• **Description of the task**: Stop after the line that contains "This is an original". Until then, retype each line of the entries exactly from the first one, skipping pictures.

======== Data extracts

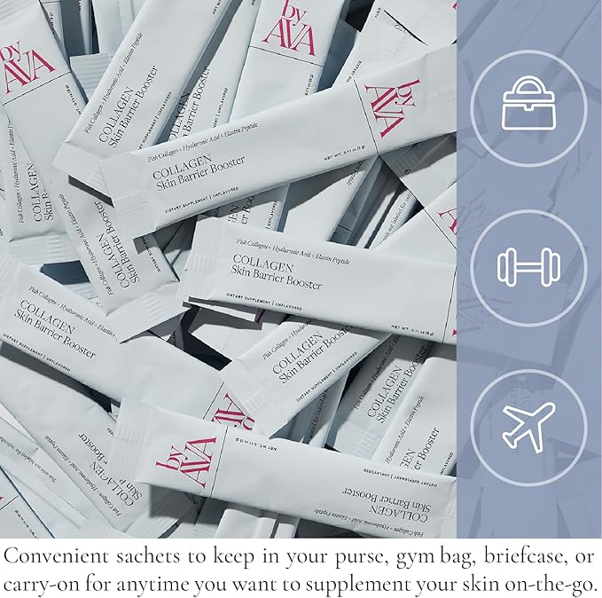Marine Collagen Powder Skin Barrier Booster | Unflavored Fish Collagen Peptides with Elastin, Hyaluronic Acid, Biotin & Vitamin C | 15 Travel Stick Packets
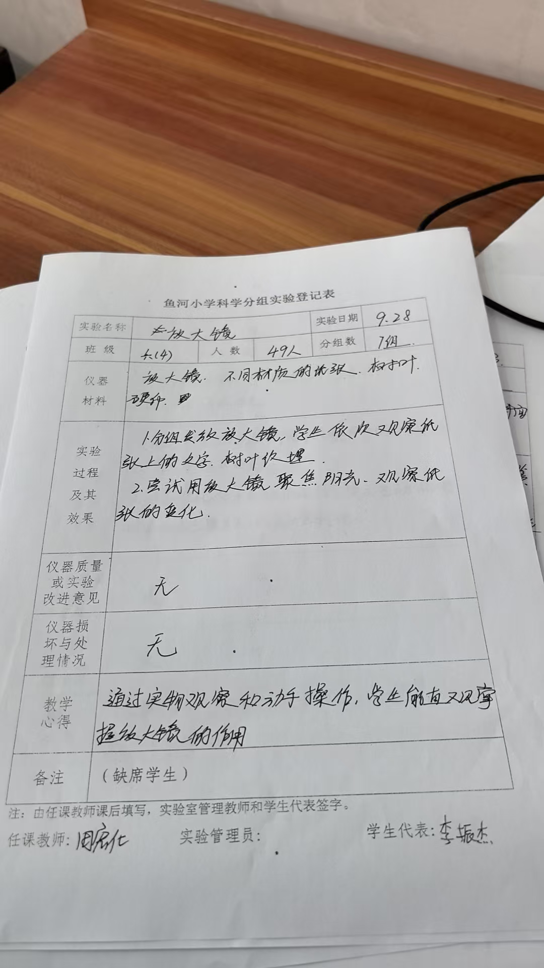 实验登记表
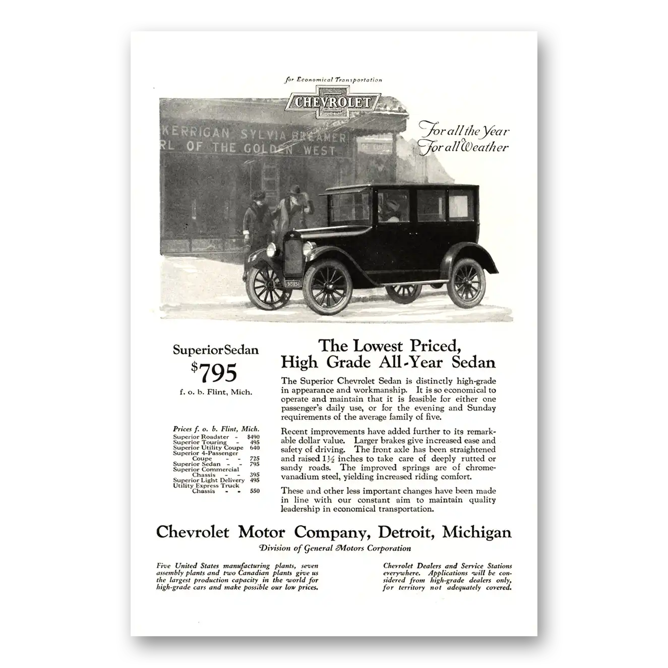 This is an original 1924 Chevrolet Sedan print ad published by Chevrolet.
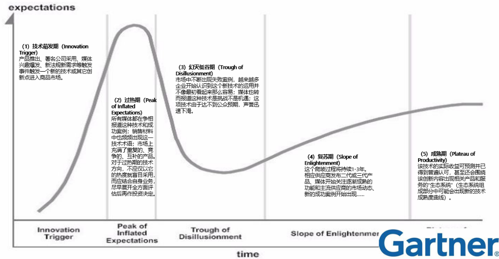 第四个阶段是复苏期,爬坡过程将持续1~3年,相应供应商发布二代或三代产品、媒体开始关注逐渐成熟的功能和主流供应商的市场动态、新的成功案例开始出现,最后进入成熟阶段。
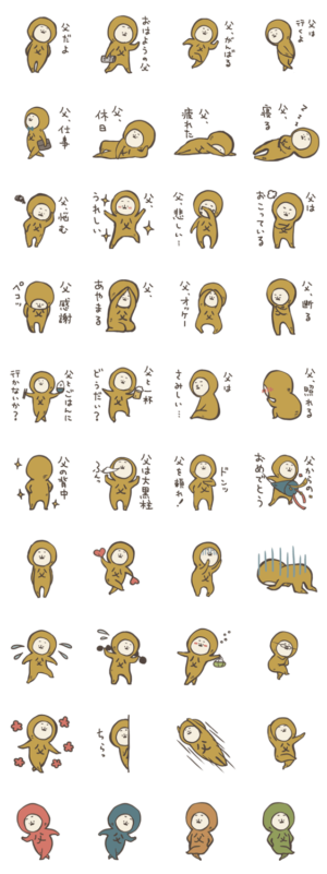 お父さん、家族とのコミニュケーションにどうでしょう。 ゆるく可愛く使いやすいスタンプです。o-mori より発売
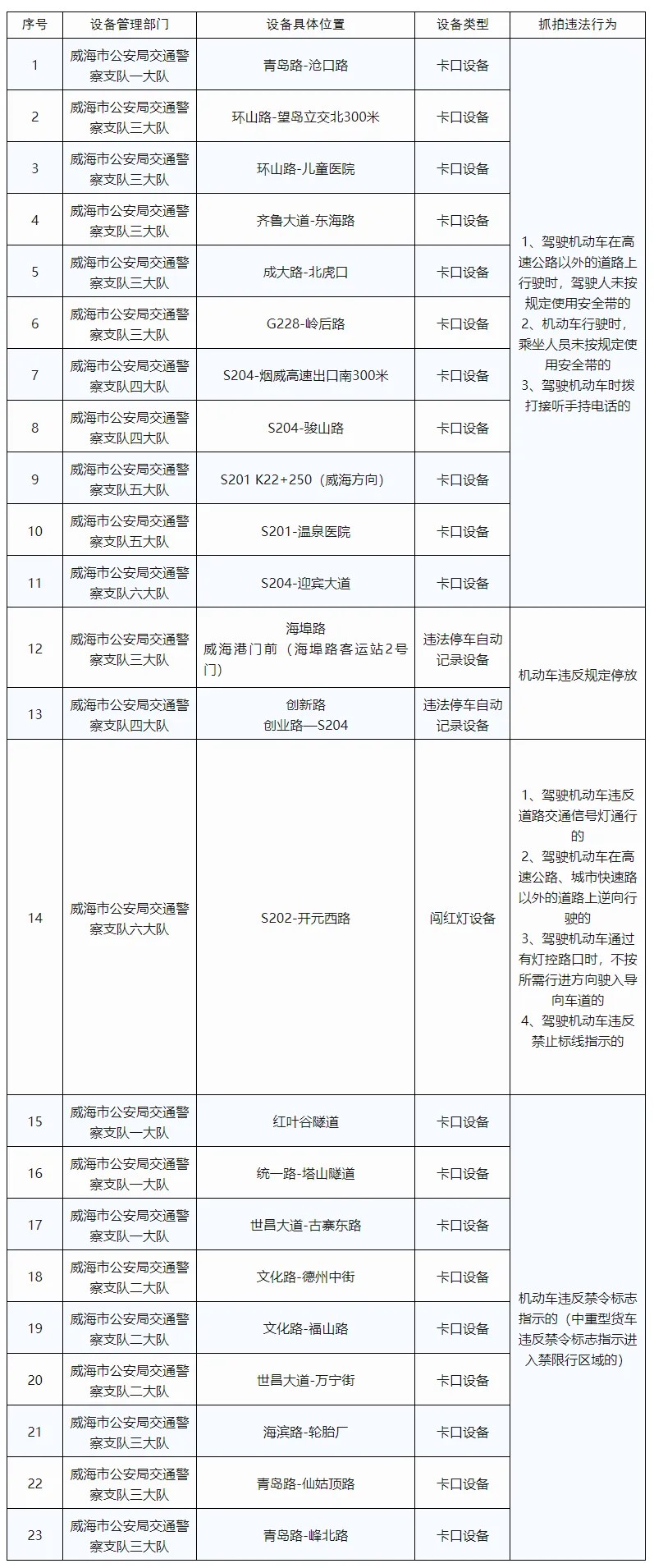 為保障道路交通安全,預(yù)防和減少交通事故的發(fā)生,根據(jù)《中華人民共和國道路交通安全法》及其實施條例等法律法規(guī)和相關(guān)技術(shù)規(guī)范的規(guī)定,依據(jù)《公安機關(guān)執(zhí)法公開規(guī)定》,現(xiàn)將新增的23處交通技術(shù)監(jiān)控設(shè)備予以公示,自2024年12月1日起,將對有關(guān)交通違法行為進行依法管理,請廣大道路交通參與者自覺遵守相關(guān)法律法規(guī),共同維護良好的道路交通秩序。
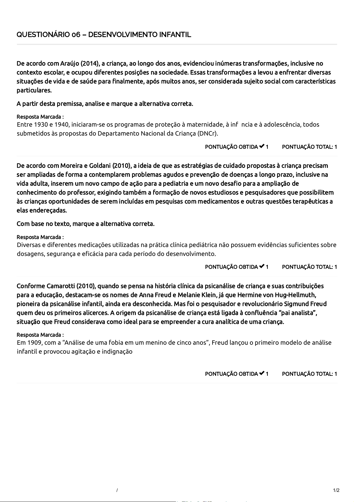 QUESTIONÁRIO 06 – DESENVOLVIMENTO INFANTIL PONTUAÇÃO TOTAL: 1PONTUAÇÃO OBTIDA 1 De acordo com Araújo (2014), a criança, ao longo dos anos, evidenciou inúmeras transformações, inclusive no contexto escolar, e ocupou diferentes posições na sociedade. Essas transformações a levou a enfrentar diversas situações de vida e de saúde para finalmente, após muitos anos, ser considerada sujeito social com características particulares. A partir desta premissa, analise e marque a alternativa correta. Resposta Marcada : Entre 1930 e 1940, iniciaram-se os programas de proteção à maternidade, à infância e à adolescência, todos submetidos às propostas do Departamento Nacional da Criança (DNCr). PONTUAÇÃO TOTAL: 1PONTUAÇÃO OBTIDA 1 De acordo com Moreira e Goldani (2010), a ideia de que as estratégias de cuidado propostas à criança precisam ser ampliadas de forma a contemplarem problemas agudos e prevenção de doenças a longo prazo, inclusive na vida adulta, inserem um novo campo de ação para a pediatria e um novo desafio para a ampliação de conhecimento do professor, exigindo também a formação de novos estudiosos e pesquisadores que possibilitem às crianças oportunidades de serem incluídas em pesquisas com medicamentos e outras questões terapêuticas a elas endereçadas. Com base no texto, marque a alternativa correta. Resposta Marcada : Diversas e diferentes medicações utilizadas na prática clínica pediátrica não possuem evidências suficientes sobre dosagens, segurança e eficácia para cada período do desenvolvimento. PONTUAÇÃO TOTAL: 1PONTUAÇÃO OBTIDA 1 Conforme Camarotti (2010), quando se pensa na história clínica da psicanálise de criança e suas contribuições para a educação, destacam-se os nomes de Anna Freud e Melanie Klein, já que Hermine von Hug-Hellmuth, pioneira da psicanálise infantil, ainda era desconhecida. Mas foi o pesquisador e revolucionário Sigmund Freud quem deu os primeiros alicerces. A origem da psicanálise de criança está ligada à confluência “pai analista”, situação que Freud considerava como ideal para se empreender a cura analítica de uma criança. Resposta Marcada : Em 1909, com a “Análise de uma fobia em um menino de cinco anos”, Freud lançou o primeiro modelo de análise infantil e provocou agitação e indignação na época, sendo a psicanálise acusada de roubar a inocência dessa criança. 31/08/2025, 00:17 Course Status – AVA Saúde Unifaveni https://ava.saude.unifaveni.com.br/course-status/ 1/2 5 / 5 PONTUAÇÃO TOTAL: 1PONTUAÇÃO OBTIDA 1 O atendimento clínico infantil está em uma crescente desde o seu surgimento e deve ocorrer em um espaço de acolhimento e escuta acerca das demandas emocionais apresentadas por uma criança. É um grande desafio, pois através de materiais lúdicos como brinquedos, livros e jogos é que vai surgindo a oportunidade de acessar o mundo da criança e sua singularidade, podendo assim auxiliá-la de forma gradativa e cuidadosa em seu processo terapêutico e de desenvolvimento. O papel dos pais é de extrema importância para a evolução adequada do processo, exigindo-se deles postura ativa e comunicativa. O texto se refere a qual atendimento clínico? Marque a alternativa correta. Resposta Marcada : Atendimento clínico de Psicoterapia Infantil. PONTUAÇÃO TOTAL: 1PONTUAÇÃO OBTIDA 1 A evolução histórica da participação da criança na sociedade, bem como do atendimento clínico infantil e os cuidados à saúde voltados a esta população, apresentou avanços, tendo como reflexo a redução da mortalidade infantil e implantação de diversas políticas públicas de saúde. Entretanto, como este fato é recente historicamente, muitas ações ainda precisam ser pontuadas, discutidas em profundidade, reorganizadas e pactuadas para que estes avanços possam realmente refletir as reais necessidades da população infantil. Com base no texto, analise e marque a alternativa correta. Resposta Marcada : A assistência à saúde da criança e o atendimento clínico infantil ainda se encontram em processo de construção, assim como a assistência à saúde em geral. Total de Pontos 31/08/2025, 00:17 Course Status – AVA Saúde Unifaveni https://ava.saude.unifaveni.com.br/course-status/ 2/2
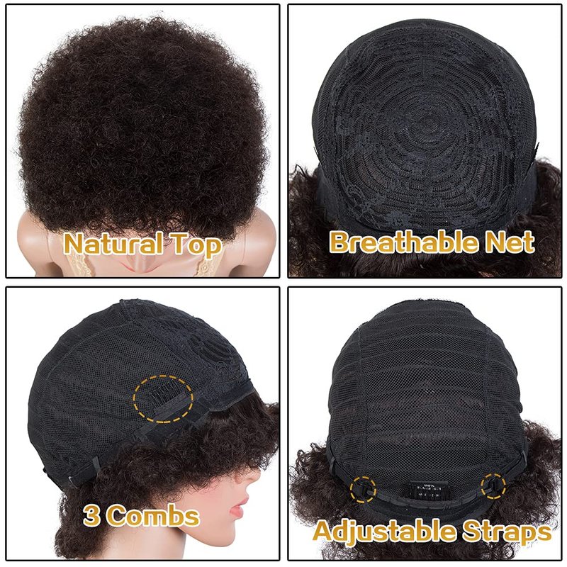 • 【Afro Human Hair Wig】 100% Healthy human hair, Brazilian hair wig, soft and smooth, can last long time with good care.
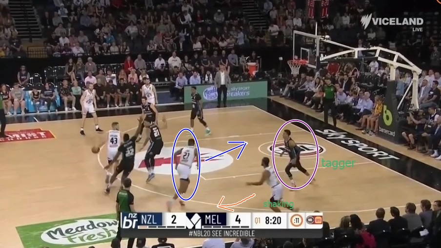 여기서 흥미로운 것은 1번의 움직임이다. 1번은 자신의 마크맨이 롱에게 태깅을 가기 어렵도록 만들기 위해, 롱이 림으로 달려드는 것과 동시에 코너에서 45도로 이동한다. 이 같은 1번의 움직임을 전술적으로 쉐이킹(shaking)이라고 칭한다.
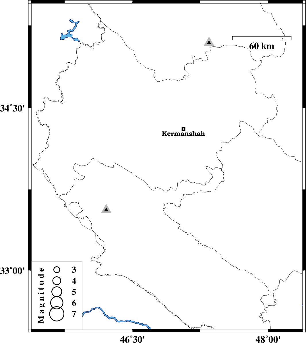 | 2017/03/24 | 13:39:54.3 | 18:09:54.3 | 33.951 | 46.881 | 14 | ML3.9 | Kermanshah Province, 32 km South-East of Eslam Abad-E-Gharb |
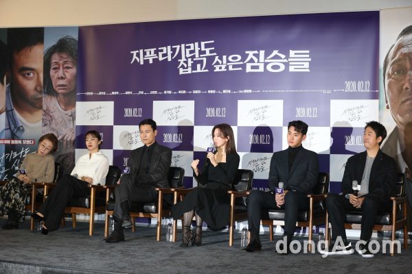 13일 오전 서울 성동구 메가박스 성수점에서 열린 영화 \'지푸라기라도 잡고 싶은 짐승들\' 제작보고회에서 출연진이 기자간담회를 갖고 있다.
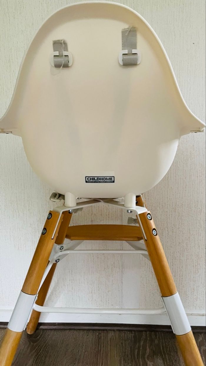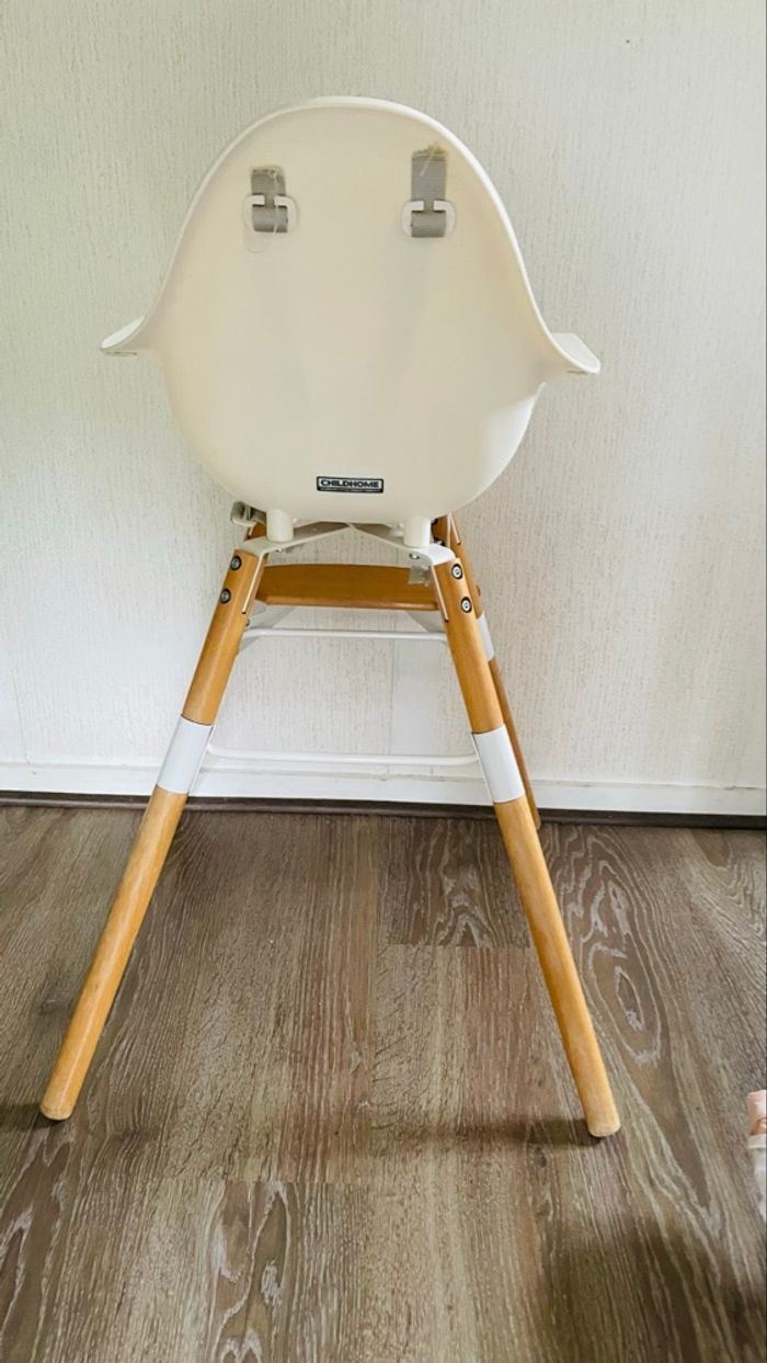 Chaise haute en bois marque combelle avec coussin et plateau
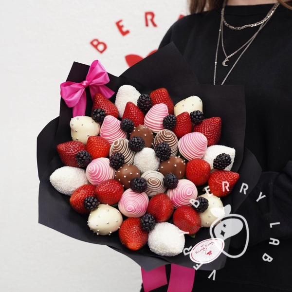 Наша компания стремится создать оптимальные условия для своих клиентов. Дизайнеры VeryBerryLab постоянно работают над созданием новых шедевров. Принимая решение заказать букет клубники в шоколаде в Москве, вы можете рассчитывать на ряд преимуществ:- максимально продуманная форма комплектации – мы предлагаем своим клиентам букеты различных размеров в столице и СПб;
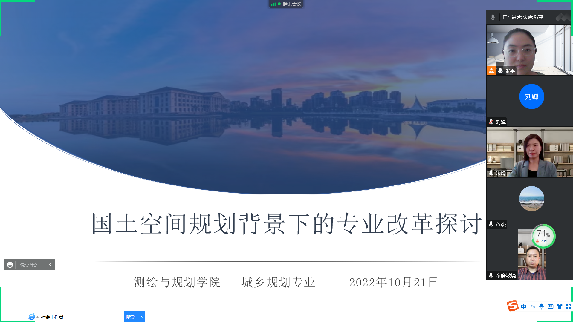 2022年10月21日下午两点半,ylg060net永利城乡规划教研室组织开展了“国土空间规划背景下的专业改革探讨”主题教研活动,该会议因为疫情原因采用腾讯会议线上进行,本次会议由张平老师主持,城乡规划专业全体教师参加。
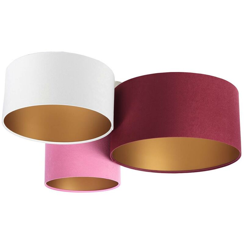 Lampada del soffitto Violet, rosa, bianco, oro 3 x E27 L: 91 cm H: 30 cm Dimmessibile in CM: Altezza: 30, lunghezza: 91, Peso in kg: 2,3 Diametro ombrello: diametro 40 cm altezza 20 cm, diametro 50 cm 2. altezza 25 cm, diametro 30 cm di altezza Lampade contengono: No Tipo di lampada/versione: e27 Prestazioni massime in watt: 60 Dimmabile: Sì Classe di protezione: ip20 materiale per la casa: metal Colore: Black Materiale vetro/dispensa: tessile da velour (microfibra) su base in PVC. Colore vetro/ombrello: Violet, rosa, bianco, Gold Informazioni aggiuntive: Cavo di alimentazione trasparente nascosto nel fissaggio del soffitto

================

• **Task answer**:
Marine Collagen Powder Skin Barrier Booster | Unflavored Fish Collagen Peptides with Elastin, Hyaluronic Acid, Biotin & Vitamin C | 15 Travel Stick Packets
 实验登记表
 This is an original 1924 Chevrolet Sedan print ad published by Chevrolet.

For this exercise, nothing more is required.